Rara Avis in Terris, JUVENAL, Sátiras, VI, 165

sexta-feira, 17 de outubro de 2025

Poema do Silêncio, José Régio

 

Ferragudo, Praia Grande - 2025


Sim, foi por mim que gritei.
Declamei,
Atirei frases em volta.
Cego de angústia e de revolta.

Foi em meu nome que fiz,
A carvão, a sangue, a giz,
Sátiras e epigramas nas paredes
Que não vi serem necessárias e vós vedes.

Foi quando compreendi
Que nada me dariam do infinito que pedi,
- Que ergui mais alto o meu grito
E pedi mais infinito!

Eu, o meu eu rico de baixas e grandezas,
Eis a razão das épi trági-cómicas empresas
Que, sem rumo,
Levantei com sarcasmo, sonho, fumo...

O que buscava
Era, como qualquer, ter o que desejava.
Febres de Mais. ânsias de Altura e Abismo,
Tinham raízes banalíssimas de egoísmo.

Que só por me ser vedado
Sair deste meu ser formal e condenado,
Erigi contra os céus o meu imenso Engano
De tentar o ultra-humano, eu que sou tão humano!

Senhor meu Deus em que não creio!
Nu a teus pés, abro o meu seio
Procurei fugir de mim,
Mas sei que sou meu exclusivo fim.

Sofro, assim, pelo que sou,
Sofro por este chão que aos pés se me pegou,
Sofro por não poder fugir.
Sofro por ter prazer em me acusar e me exibir!

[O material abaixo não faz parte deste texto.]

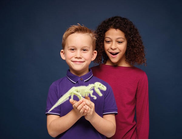 copiii pot realiza un schelet de dinozaur 3D cu ajutorul accesoriilor incluse in set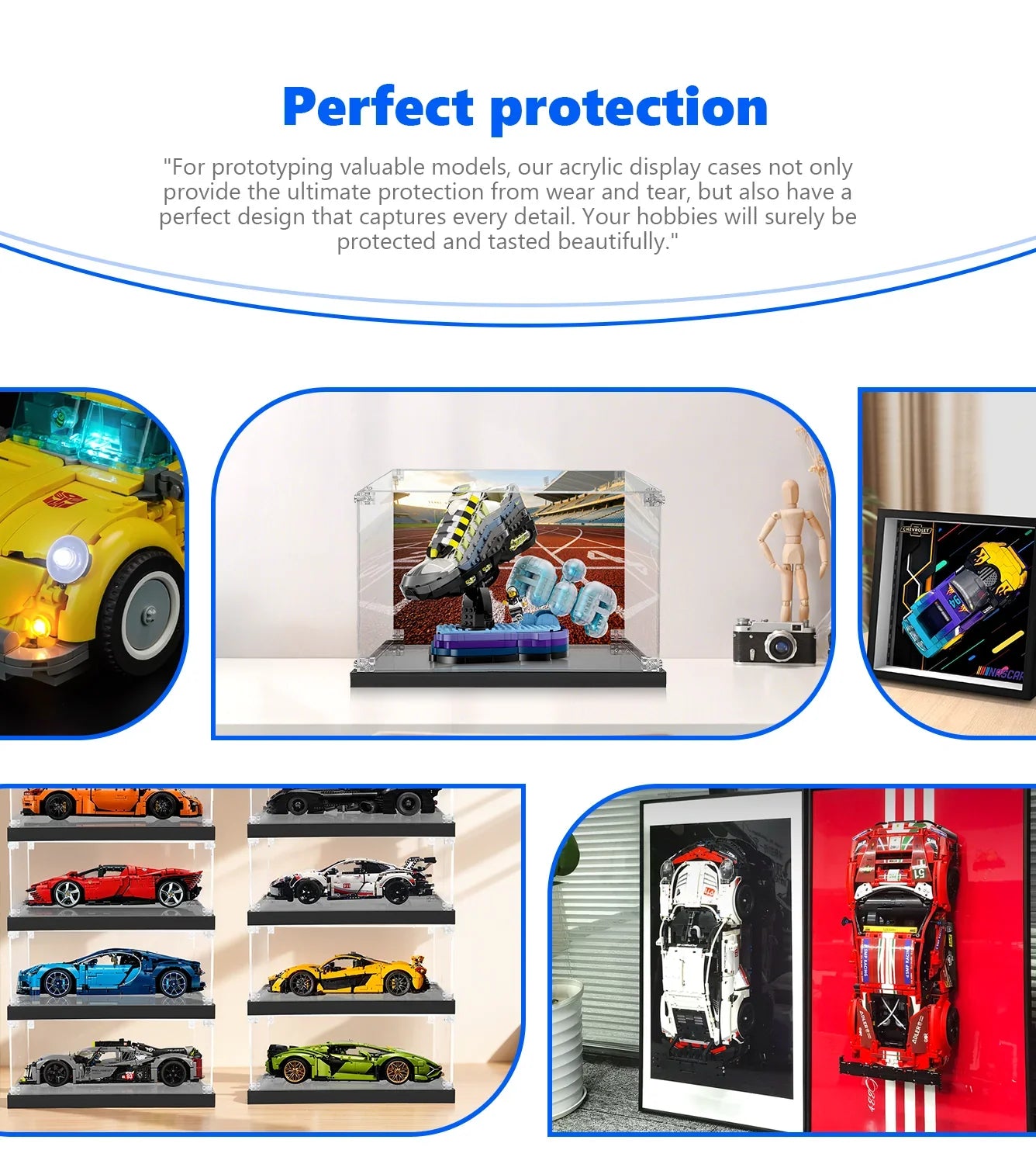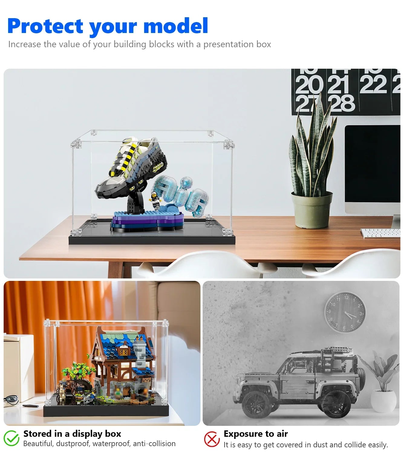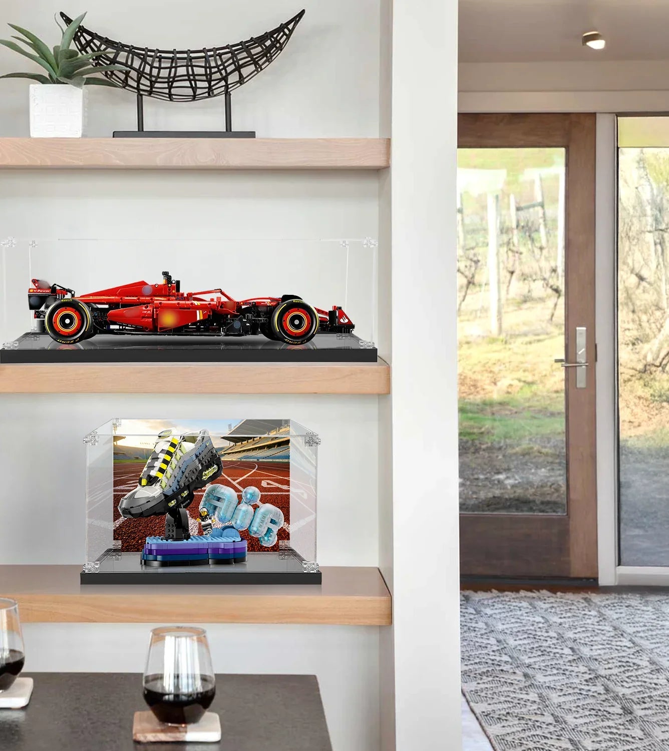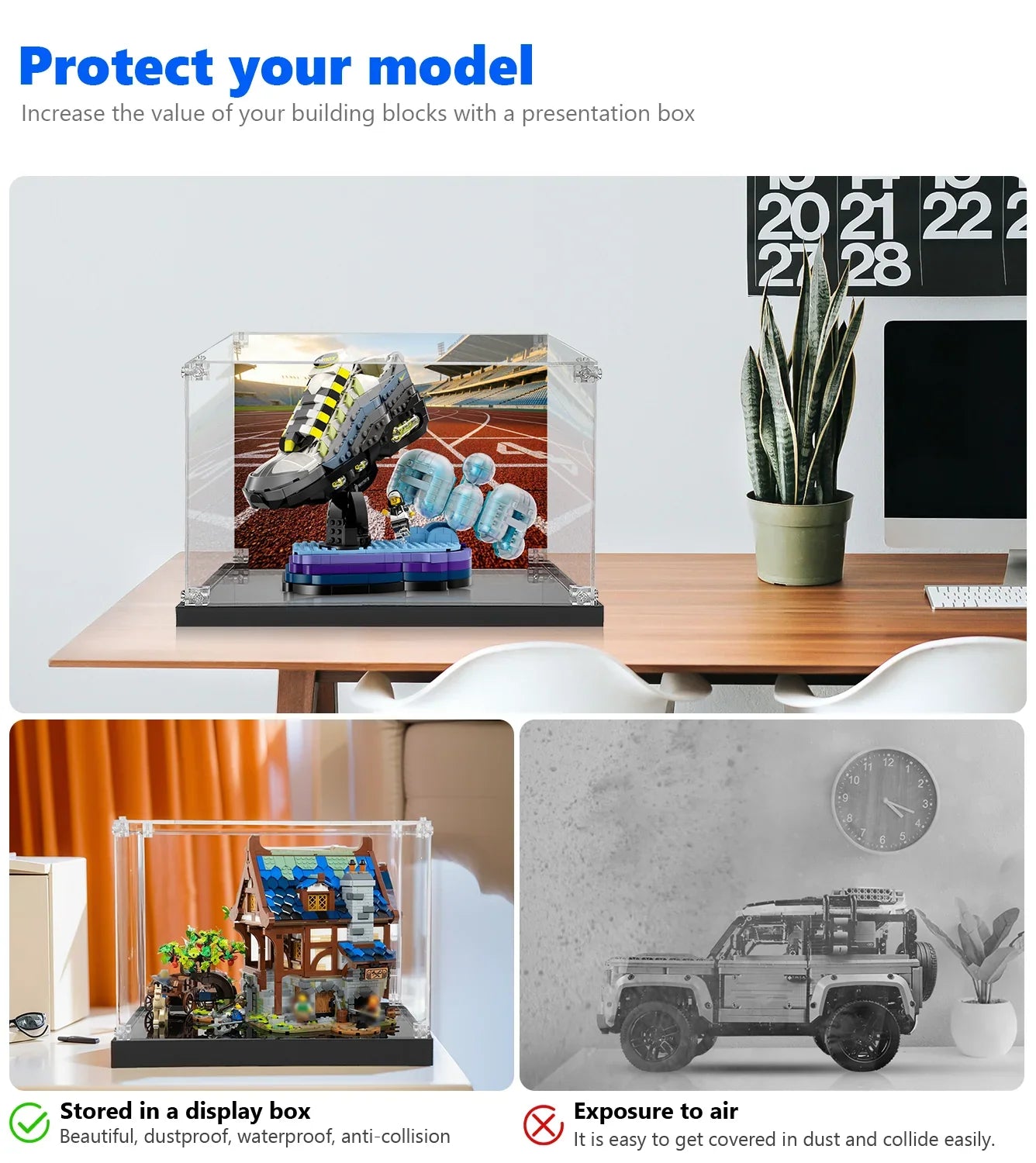 Het behouden van de "deadstock" uitstraling van je LEGO-modellen is een uitdaging. De meeste display cases voor lego zijn ofwel te klein of gebruiken goedkope materialen die verkleuren. Onze aangepaste #43025 kast is speciaal ontworpen voor de afmetingen van deze set, waardoor een stevige pasvorm ontstaat die de iconische golvende zijpanelen en neontinten van de schoen benadrukt. Als je op zoek bent naar de beste modelauto displaycase kwaliteit voor je niet-voertuig sets, dit is het.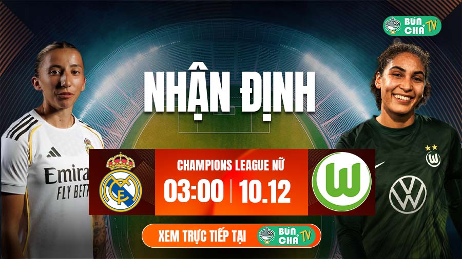 Nữ Real Madrid tiếp đón Nữ Wolfsburg trên sân nhà vào rạng sáng 10/12, trong khuôn khổ lượt trận thứ 5 vòng bảng Cúp C1 Nữ châu Âu 2025/26.09:03 - 09/12/2025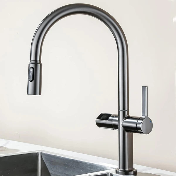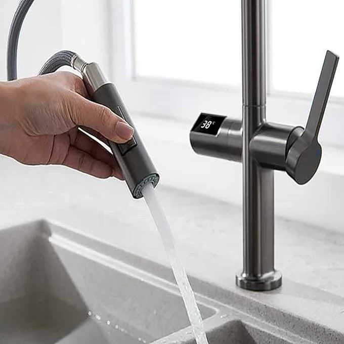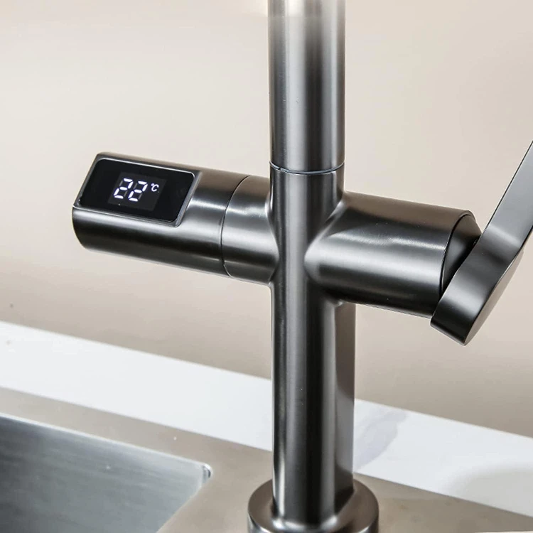 شیر ظرفشویی هوشمند برند HuaDiao یک محصول پیشرفته با طراحی آیندهنگر است که با نمایشگر دیجیتال دمای آب و شاوری کشویی متحرک، تجربهای متفاوت از شستشو در آشپزخانه را ارائه میدهد. این شیر با کنترل دما در لحظه، صرفهجویی در مصرف آب، و طراحی زیبا برای آشپزخانههای مدرن و هوشمند ایدهآل است.

Senhor meu Deus em que não creio, porque és minha criação!
(Deus, para mim, sou eu chegado à perfeição...)
Senhor dá-me o poder de estar calado,
Quieto, maniatado, iluminado.

Se os gestos e as palavras que sonhei,
Nunca os usei nem usarei,
Se nada do que levo a efeito vale,
Que eu me não mova! que eu não fale!

Ah! também sei que, trabalhando só por mim,
Era por um de nós. E assim,
Neste meu vão assalto a nem sei que felicidade,
Lutava um homem pela humanidade.

Mas o meu sonho megalómano é maior
Do que a própria imensa dor
De compreender como é egoísta
A minha máxima conquista...

Senhor! que nunca mais meus versos ávidos e impuros
Me rasguem! e meus lábios cerrarão como dois muros,
E o meu Silêncio, como incenso, atingir-te-á,
E sobre mim de novo descerá...

Sim, descerá da tua mão compadecida,
Meu Deus em que não creio! e porá fim à minha vida.
E uma terra sem flor e uma pedra sem nome
Saciarão a minha fome.

José Régio, in As Encruzilhadas de Deus


    Depois de dias absorvidos pelo cuidado e pela família, estou de regresso. Aos poucos, irei visitando os @migos.

sexta-feira, 3 de outubro de 2025

Dias de Outubro

 

Pandorea jasminoide - Cá de casa - Outubro, 2025


    São plenos de recomeço e de uma doçura, que de longe nos espreita, estes dias de Outubro. Suaves, mas não serenos, na sua contradição nostálgica. Caminhamos sobre o calor esbraseado do Verão que findou e as guerras que, de perto nos espreitam, ecoam e cravam-nos lâminas de impotência sem limites.
    As memórias semeiam a nostalgia dos que partiram e, o Amor que nos legaram, põem-nos uma fortaleza de Esperança no peito cansado. Somos os herdeiros desta brisa que os ares adoça. Cedermos à fraqueza foi-nos vedado. Somos humanos, carregamos a Vida.
    Os nossos jasmins, suaves e odorosos, resistem ainda. Desistir, nunca será uma possibilidade! Talvez o ocaso nos espreite, mas a que distância? A viagem ainda decorre: sigamos estes voos que se atiram nos ares e, no vórtice dos abismos, deixemos flutuar o porvir.